To compute the sample sizes needed to detect various different relative risk levels for programmes such as sKIDs, it is necessary to consider how the data will be analysed. The standard approach would be to use a multilevel mixed effects logistic regression model. As a starting point, suppose we test children both attending and not attending school. Let $x^a_{ijk}$ be covariate information about whether the child is attending school or not ($x^a = 1$ if attending, $0$ otherwise). A simple model we might consider would be

$y_{ijk} \sim \text{Bernoulli}(\mu_{ijk})$

$g(\mu_{ijk}) = \alpha + x^a_{ijk} \beta + a_k + b_k x^a_{ijk} + c_{jk} x^a_{ijk}.$

Here, $\alpha$ denotes the background risk of becoming infected. If we use the logit function $g(\mu) = \log\frac{\mu}{1 - \mu}\$as the link function, then a prevalence of 0.06% corresponds to $\alpha = − 7.42$. The parameter $\beta$ represents the additional prevalence within schools, and for the logit link function is equal to the log relative odds of infection in school and not in school. As an example, suppose prevalence within schools is double the general population (0.12% instead of 0.06%), i.e., the relative risk is 2, then $\beta = 0.69$. Note that after fitting this model, it is important to report not just the relative odds ($\beta$), but also the change in absolute risk ($g^{-1}(\alpha + \beta)$ vs $g^{-1}(\alpha)$).
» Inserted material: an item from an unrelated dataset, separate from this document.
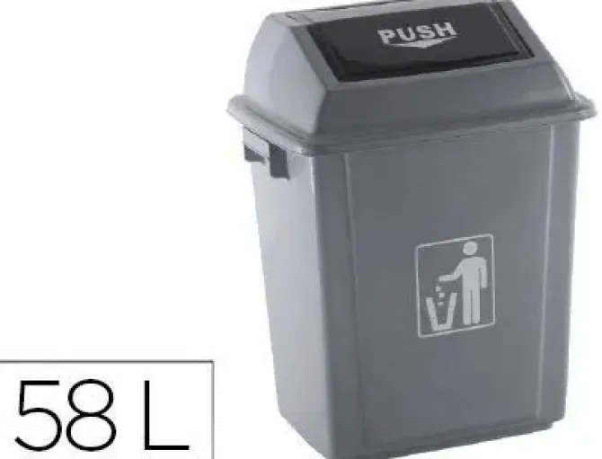 PAPELERA CONTENEDOR Q-CONNECT PLASTICO CON TAPA DE BALANCIN 58 LITROS GRIS 470X330X760 MM

The variables $a_k$, $b_k$ and $c_{jk}$ are the random effects, which induce correlation in infections. The model assumes that infections cluster in a school catchment area regardless of whether a child is attending school or not ($a_k$), within the children attending school ($b_k$), and within bubbles of attending children ($c_{jk}$). Typically, we’d assume Gaussian distributions for the random effects:

$a_k \sim N(0, \sigma^2_a)$,

$b_k \sim N(0, \sigma^2_b)$,

$c_{jk} \sim N(0, \sigma^2_c)$.

The variance parameters $\sigma^2_a$, $\sigma^2_b$, $\sigma^2_c$ control the degree of within-catchment, within-school, and within-bubble correlation, and can be estimated from data. In our hypothetical examples, the case where no transmission occurs in school (ICC=0) occurs when $\sigma^2_b = \sigma^2_c = 0$. A completely infectious disease for which bubbles offer good protection for children in other bubbles (i.e., infection spreads within bubble only), will have a large value for $\sigma^2_c$, and smaller value for $\sigma^2_b$. In the case of a completely infectious disease where the bubbles don’t stop between-bubble transmission, $\sigma^2_b$ would increase. COVID-19 is likely to be between these extremes. Note that a heavy-tailed distribution (rather than Gaussian) may be required for the random effects depending upon the degree of clustering observed.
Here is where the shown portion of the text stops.